Start of DATA PROVIDED

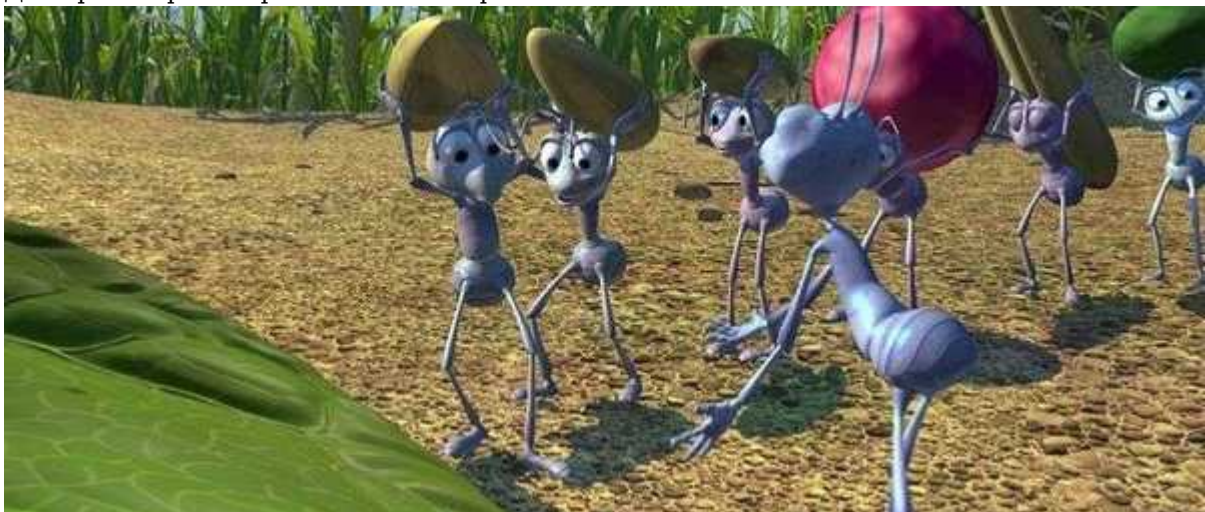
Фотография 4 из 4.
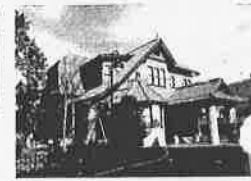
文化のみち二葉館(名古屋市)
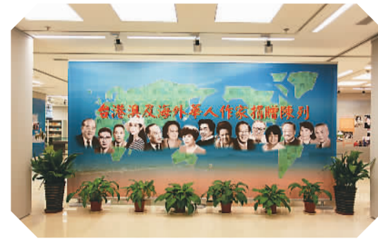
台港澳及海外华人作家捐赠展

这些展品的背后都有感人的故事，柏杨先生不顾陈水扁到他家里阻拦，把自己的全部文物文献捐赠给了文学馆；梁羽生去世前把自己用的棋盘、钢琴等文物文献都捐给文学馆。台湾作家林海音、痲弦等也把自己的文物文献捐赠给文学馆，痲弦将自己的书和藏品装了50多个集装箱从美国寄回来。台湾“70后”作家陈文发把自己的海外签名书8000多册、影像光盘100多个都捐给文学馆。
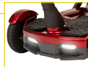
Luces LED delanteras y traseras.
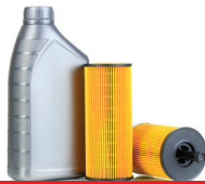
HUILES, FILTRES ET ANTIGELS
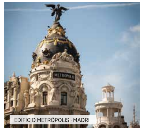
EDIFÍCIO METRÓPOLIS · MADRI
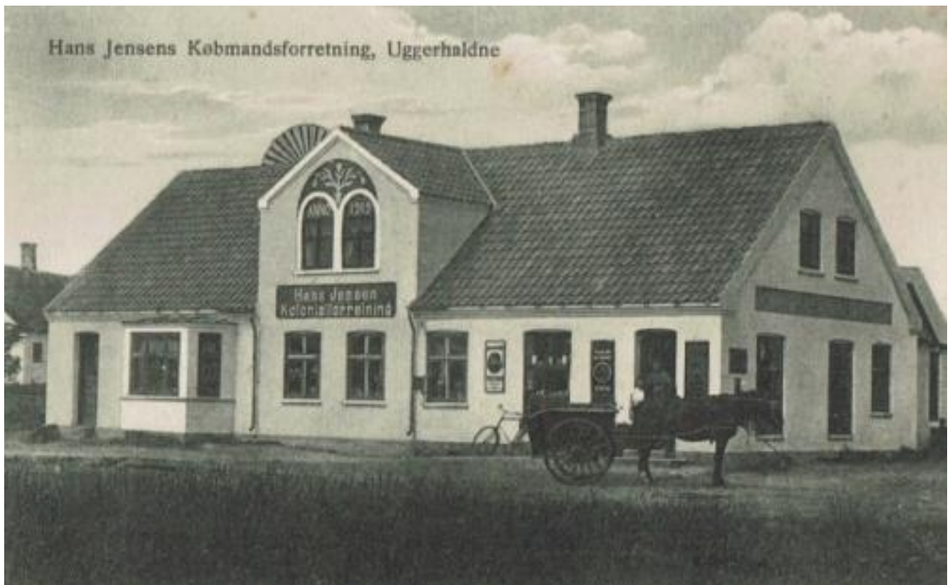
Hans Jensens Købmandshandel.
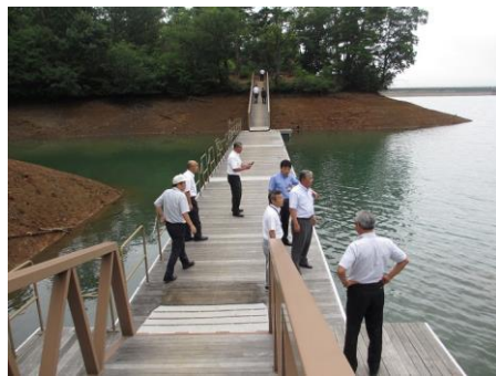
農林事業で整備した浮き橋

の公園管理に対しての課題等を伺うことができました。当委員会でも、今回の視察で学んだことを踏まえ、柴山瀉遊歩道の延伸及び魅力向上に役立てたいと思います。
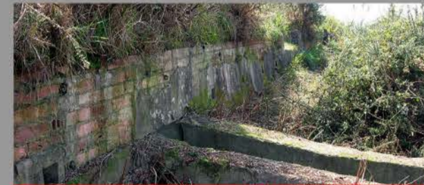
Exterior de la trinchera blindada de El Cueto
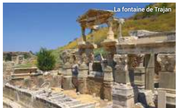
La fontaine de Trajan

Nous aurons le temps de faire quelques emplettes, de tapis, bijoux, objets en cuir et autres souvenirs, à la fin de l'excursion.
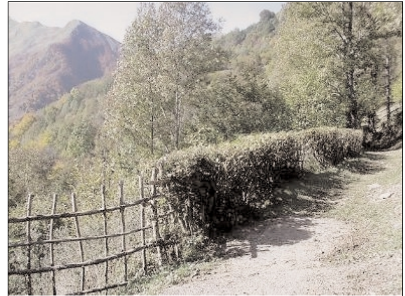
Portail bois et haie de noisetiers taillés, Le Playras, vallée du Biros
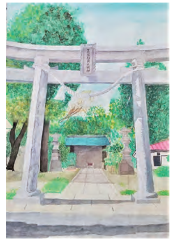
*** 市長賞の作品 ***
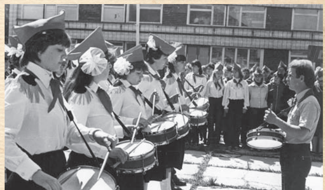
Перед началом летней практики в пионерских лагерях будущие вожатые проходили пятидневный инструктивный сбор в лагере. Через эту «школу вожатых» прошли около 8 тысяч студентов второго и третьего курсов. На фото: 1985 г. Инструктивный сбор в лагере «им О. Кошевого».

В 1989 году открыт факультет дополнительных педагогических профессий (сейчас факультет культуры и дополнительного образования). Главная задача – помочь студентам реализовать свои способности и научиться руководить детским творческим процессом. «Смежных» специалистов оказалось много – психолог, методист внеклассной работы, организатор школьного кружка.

End of DATA PROVIDED

A word-for-word copy is needed, starting at the first line of the listing and ending with the line bearing "EDIFÍCIO METRÓPOLIS · MADRI". No pictures.

RESPONSE BOX:
Фотография 4 из 4.
文化のみち二葉館(名古屋市)
台港澳及海外华人作家捐赠展

这些展品的背后都有感人的故事，柏杨先生不顾陈水扁到他家里阻拦，把自己的全部文物文献捐赠给了文学馆；梁羽生去世前把自己用的棋盘、钢琴等文物文献都捐给文学馆。台湾作家林海音、痲弦等也把自己的文物文献捐赠给文学馆，痲弦将自己的书和藏品装了50多个集装箱从美国寄回来。台湾“70后”作家陈文发把自己的海外签名书8000多册、影像光盘100多个都捐给文学馆。
Luces LED delanteras y traseras.
HUILES, FILTRES ET ANTIGELS
EDIFÍCIO METRÓPOLIS · MADRI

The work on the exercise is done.